-- Material for the task follows --

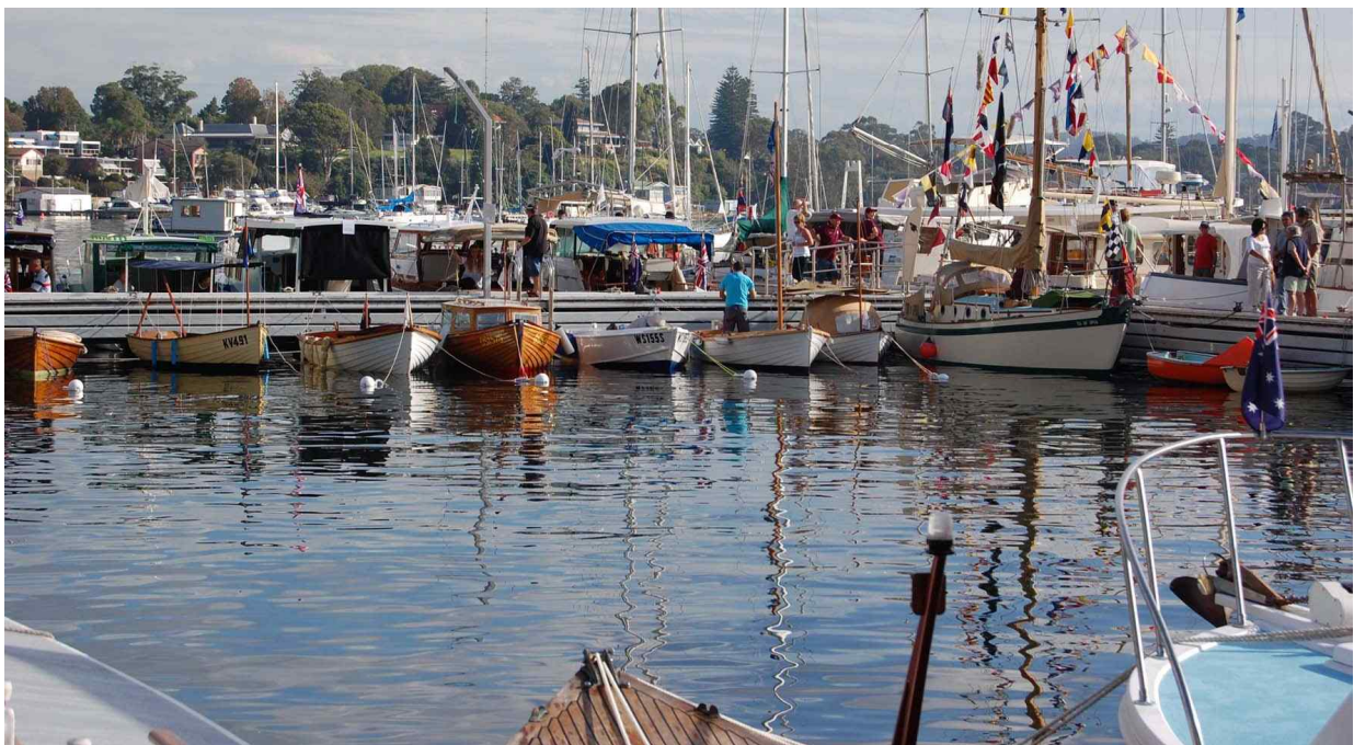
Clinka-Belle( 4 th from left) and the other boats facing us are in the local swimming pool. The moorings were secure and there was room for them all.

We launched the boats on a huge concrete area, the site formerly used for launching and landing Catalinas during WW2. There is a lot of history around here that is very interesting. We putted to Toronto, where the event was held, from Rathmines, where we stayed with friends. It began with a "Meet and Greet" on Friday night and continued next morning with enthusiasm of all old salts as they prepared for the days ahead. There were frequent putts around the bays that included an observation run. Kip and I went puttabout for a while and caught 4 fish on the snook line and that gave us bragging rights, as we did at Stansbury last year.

-- Material for the task concluded --
-- Material for the task follows --

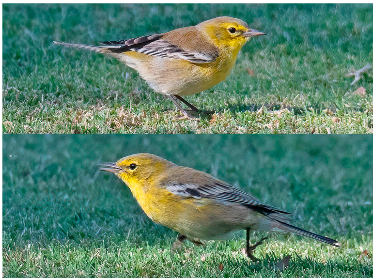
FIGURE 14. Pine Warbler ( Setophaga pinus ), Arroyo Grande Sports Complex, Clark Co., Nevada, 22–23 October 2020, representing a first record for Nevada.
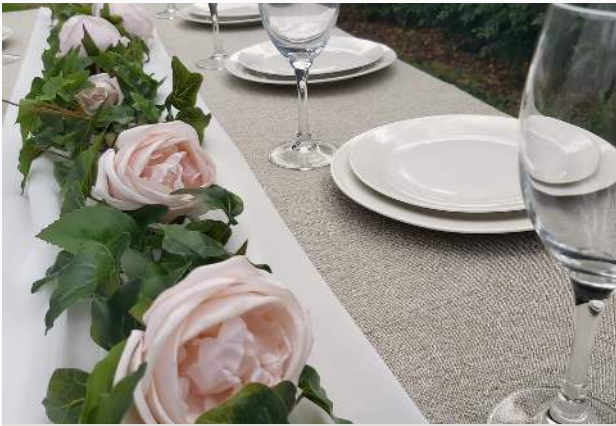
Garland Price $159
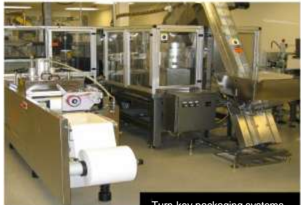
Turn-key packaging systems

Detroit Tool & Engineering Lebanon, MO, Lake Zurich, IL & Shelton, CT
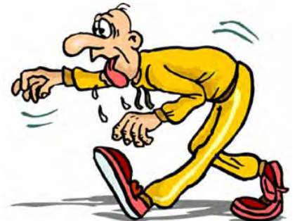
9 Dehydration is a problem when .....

-- Material for the task concluded --

**About this exercise**
Although the records above contain pictures, the copy should not; retype exactly the lines from the one containing "FIGURE 14. Pine" through the one containing "9 Dehydration is a problem when .....".

**Output for this exercise**
FIGURE 14. Pine Warbler ( Setophaga pinus ), Arroyo Grande Sports Complex, Clark Co., Nevada, 22–23 October 2020, representing a first record for Nevada.
Garland Price $159
Turn-key packaging systems

Detroit Tool & Engineering Lebanon, MO, Lake Zurich, IL & Shelton, CT
9 Dehydration is a problem when .....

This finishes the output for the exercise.